Em 2018, o caçula da família Fittipaldi correrá simultaneamente nas Fórmulas 4 alemã e italiana. Na teoria, para chegar à F-1, um piloto da F-4 teria de passar ainda pela GP3 e F-2.

Alguns alunos da Academia Ferrari alcançaram a F-1: Sergio Perez, Lance Stroll e Jules Bianchi. Enzo Fittipaldi mora próximo a Maranello (cidade italiana reduto da escuderia) e segue rotina de treinamentos coordenada pela Ferrari.

Enzo nasceu em Miami, nos EUA, mas tem dupla cidadania (norte-americana e brasileira). No macacão e em competições, Enzo usa a bandeira do Brasil.

Confira mais trechos da entrevista com Enzo Fittipaldi:

Como é sua rotina de treinos na Ferrari?

“Tem que seguir uma agenda de atividades diárias. A ideia é que a gente já sinta o ambiente da Ferrari. Fazemos simuladores com engenheiros da Ferrari por pelo menos 4 horas diárias. Isso ajuda muito a conhecer pistas que você nunca guiou. É bom para saber as curvas e importante na preparação antes de ir pra corrida. Além disso, faço muito treino físico, principalmente pescoço e abdominal, para chegar preparado para as corridas”.

Você tem contato com Sebastian Vettel e Kimi Raikkonen?

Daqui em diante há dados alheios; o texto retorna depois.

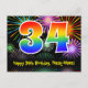 Framsidan av denna spännande, roliga och färgglada födelsedagskortdesign har en stor siffra "34" med ett regnbågsspektrum-gradering-mönster. Den har också texten "Grattis på 34-årsdagen," och ett redigerbart mottagarnamn. Framsidan har dessutom ett färgrikt och livfullt bakgrundsmönster inspirerat av utseendet på fyrverkerier som exploderar i en festlig stämning. Baksidan har ett redigerbart födelsedagsmeddelande, eller kan rensas och lämnas tomt om ett meddelande ska skrivas för hand istället. Ett anpassningsbart födelsedagskort som detta kan vara ett roligt sätt att fira någon på deras trettiofjärde födelsedag. Kort som detta kan också användas för att inbjuda gäster till
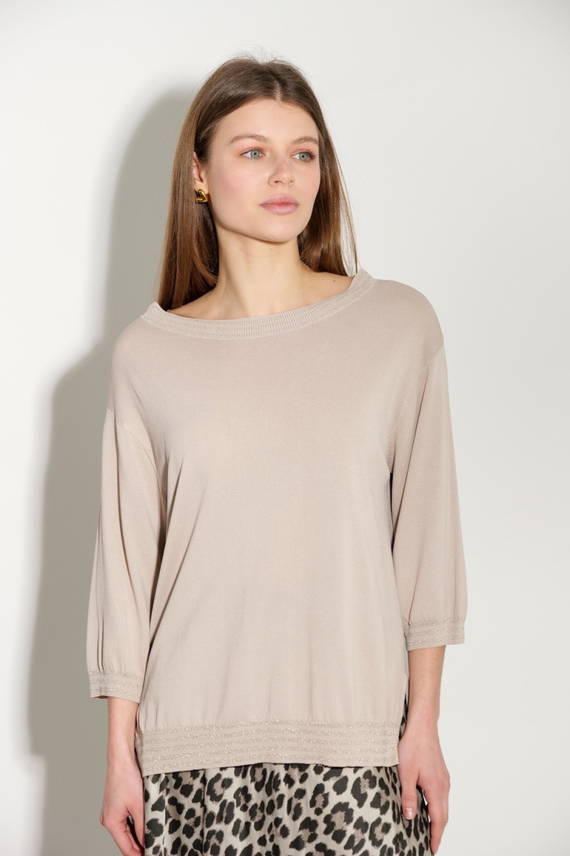 Удобный джемпер из вискозы с люрексом. Модель свободного кроя с элегантным вырезом "лодочка". Легкая текстура и блестящий эффект придают образу утончённости. Идеальный выбор для стильного повседневного или праздничного образа. Состав: 70% вискоза, 30% полиестер
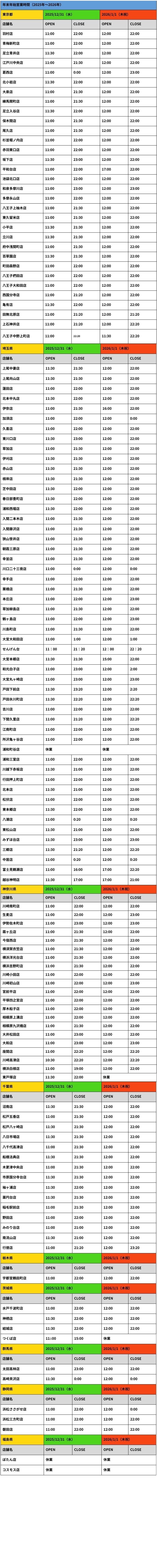 各店の年末年始営業時間は下記一覧にて、ご確認ください。
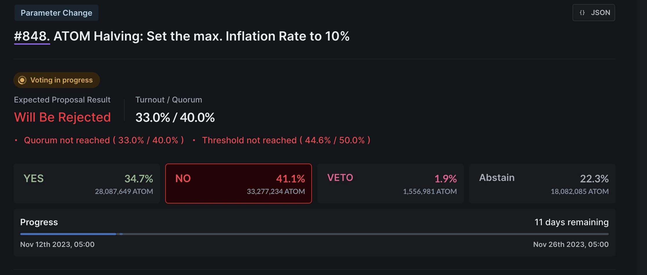 Cosmos 网络上演着一场关乎未来的博弈,当前「NO」选项取得了大多数支持。距离提案结束还有 11 天,面临的选择是继续维持高通胀率,还是通过减少通胀,推动 Atom 价格上涨?
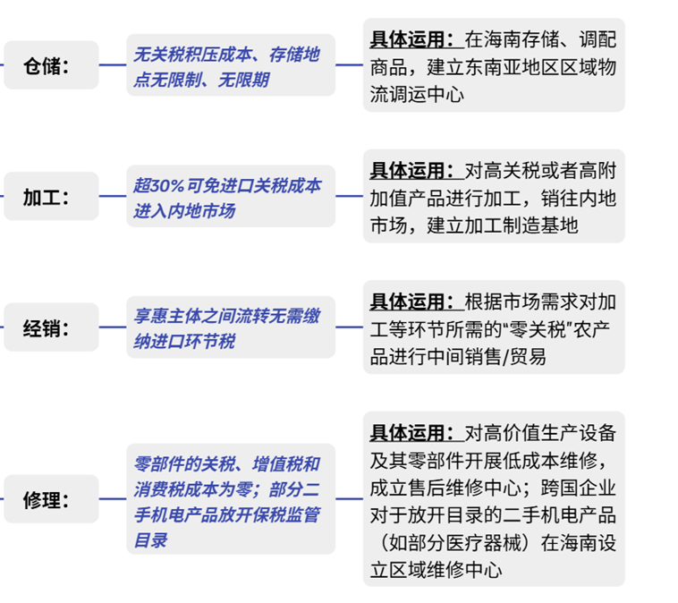 二是为企业提供创新业务模式。例如海南封关后允许38个商品编码的产品在海南自贸港开展保税维修,实现该领域全国最高的开放水平,出海的制造类企业可以结合海南的地理位置,在海南建立面向东南亚或者全球的售后维修中心。
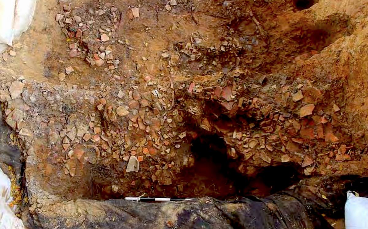 381 - T6-UE125 (a , (llamado en el año 2013, unidad UE167).Entierro de la tumba T6. Depósito de huesos humanos en posición primaria localizado a 3,48 m de profundidad. Es un entierro múltiple...
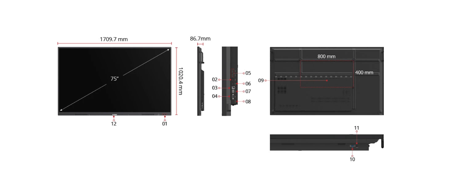 1. Power cord / 2.Remote control with AAA battery / 3.USB touch cable / 4. Touch pen x 2 / 5. Quick Start Guide + Compliance statement / 6. RS232 adapter / 7. Screw x 4 ( wall mount 4) / 8. HDMI cable / 9. Clamp x5 / |
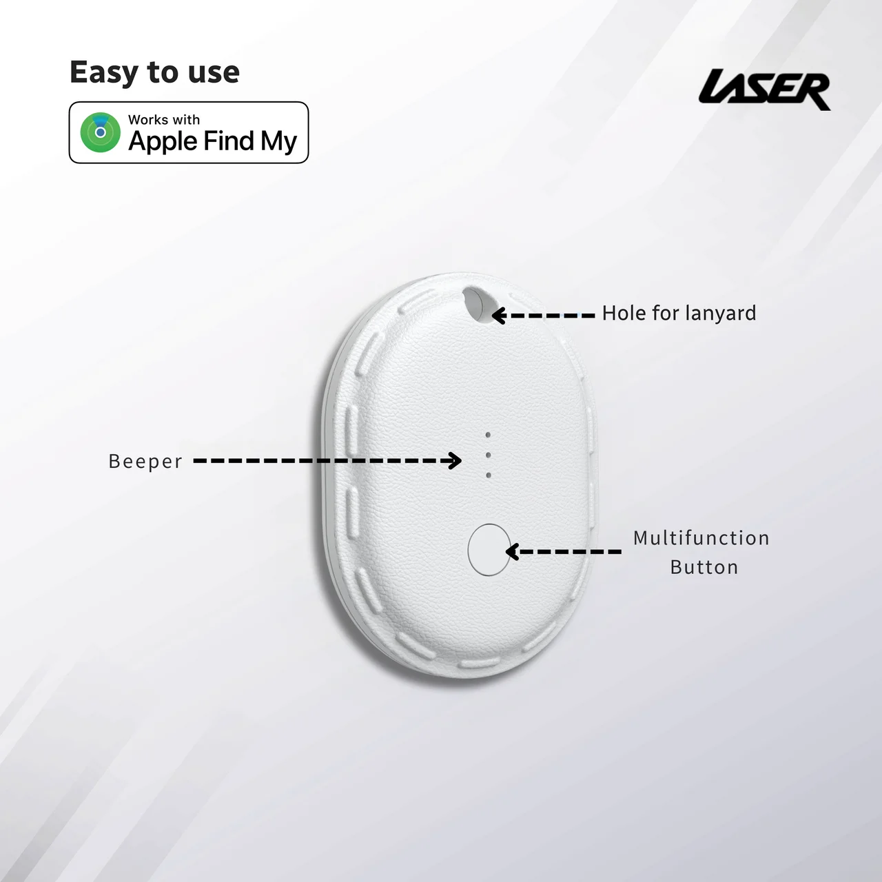 Keep track of your valuables with the Laser Mini Smart Tag in White. Designed to work seamlessly with the Apple Find My app, this compact and versatile smart tag is perfect for attaching to your keys, luggage, bags, or any personal items you want to keep secure.
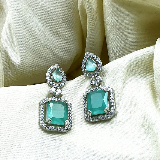 AD Earrings Aakar Mint Green Stone Dangler
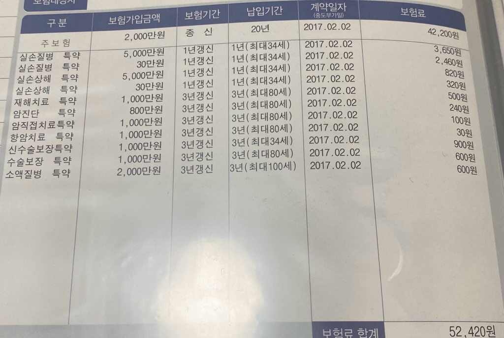 - 주계약 보험료 42200원, 보장금액 2000만원 (ci 80%, 소액암 제외한 일반암 진단시 약 1600만원 보장 효과)
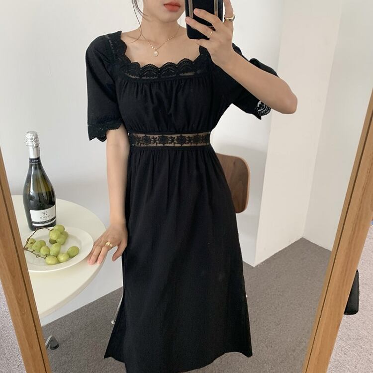 ドレス サマーハイウェストレースカラースカート 夏物 スクウェア ステッチ ビッグFスモールZ韓国98215576961
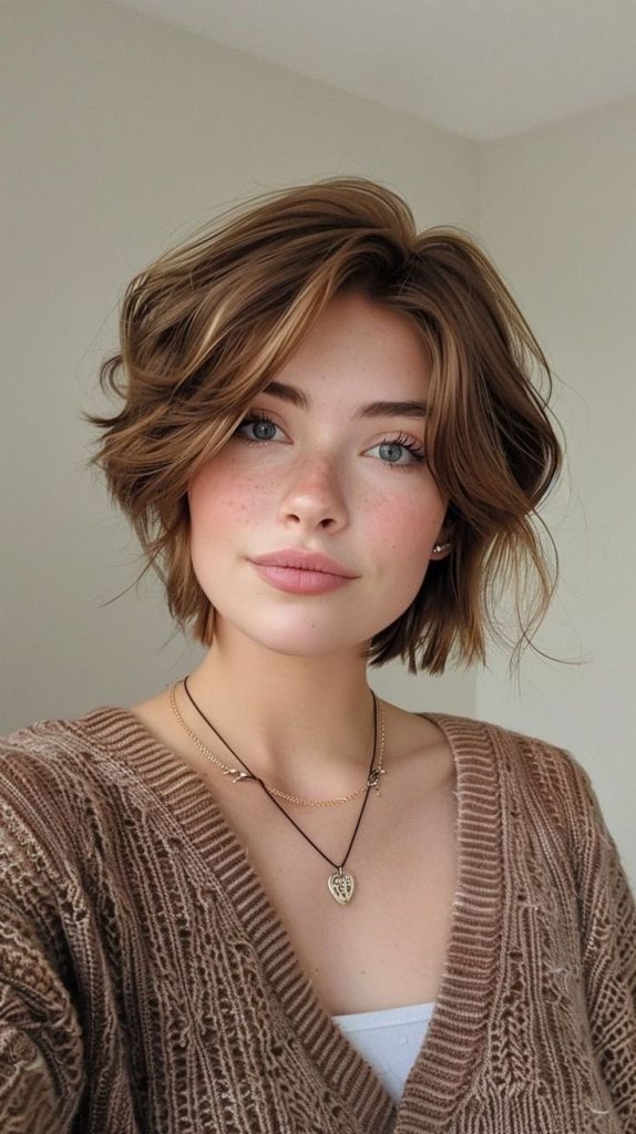 A textured auburn bob combines warmth and depth, making it a top pick for 2025. This style’s rich auburn color enhances the layers, adding dimension and movement. It’s an excellent option for women with natural curls or those who prefer a slight wave for added texture.
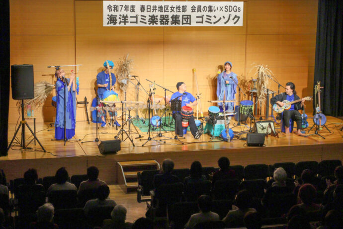春日井地区女性部は8日、文化フォーラム春日井で「会員の集い」を開き、部員71名が参加しました。今回は、海洋ゴミ楽器集団「ゴミンゾク」を招き、漂流物から作られた楽器によるSDGsコンサートを楽しみました。
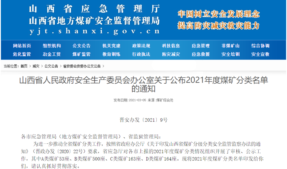為有效防范各類煤礦生產(chǎn)安全事故,以安風(fēng)險管控為主線,綜合考慮煤礦安全管理、開采技術(shù)條件、災(zāi)害程度、生產(chǎn)布局、裝備工藝、安全誠信、安全生產(chǎn)標(biāo)準(zhǔn)化建設(shè)、人員素質(zhì)及生產(chǎn)建設(shè)狀態(tài)等因素,從去年開始,我省將煤礦按安全保障程度從高到低確定為 A、B、C、D四類。
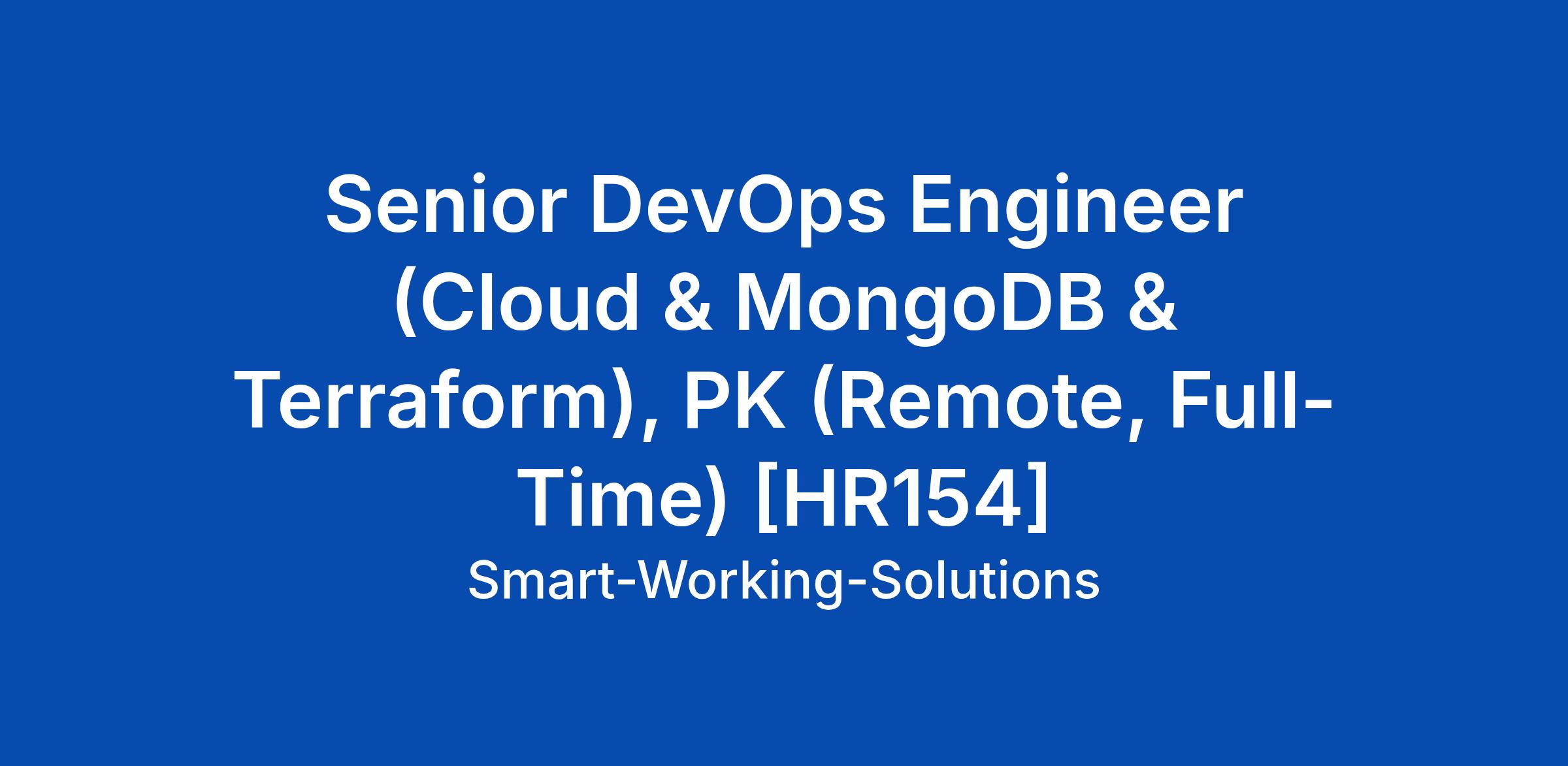 Senior DevOps Engineer (Cloud & MongoDB & Terraform), PK (Remote, Full-Time) [HR154]

“A agenda apertada dificulta muito para ver e falar com eles. Mas eu vejo eles. De vez em quando dá para falar um pouquinho. Mas é bem difícil”.

A ausência de brasileiros na Fórmula 1 de alguma forma te pressiona a buscar espaço na categoria?

“Não penso assim. Creio que isso ocorrerá naturalmente. Meu sonho sempre foi chegar à F-1 e ser campeão. Acho que consigo chegar lá com muita dedicação, não sei quando. Mas tenho certeza que trabalhando muito eu chegarei lá”

Para 2018, quais os planos na base?

“Ano passado foi meu primeiro ano na Academia Ferrari. Foi muito positivo e ganhei muita experiência para 2018. Estou aprendendo o máximo possível e me preparei para esse ano disputar as Fórmulas 4 da Itália e Alemanha. Ainda não começaram a disputa.

Você nasceu nos EUA, mas representa o Brasil nas competições? Por que você decidiu representar a bandeira nacional?

"Por toda a história do meu avô, pelo orgulho da tradição do Brasil no automobilismo e por me sentir brasileiro. E sou muito fã do Ayrton Senna".

Como conciliar a vida profissional e pessoal?

“Sendo um piloto profissional, é normal ter que abrir mão de algumas coisas. Mas vejo os mecânicos e engenheiros como se fossem meus amigos. Eles contam piadas, dão risadas. Eu também tenho amigos na escola. Acho que tenho vida normal sendo piloto. Fico muito com minha família, vejo meus amigos quando posso”.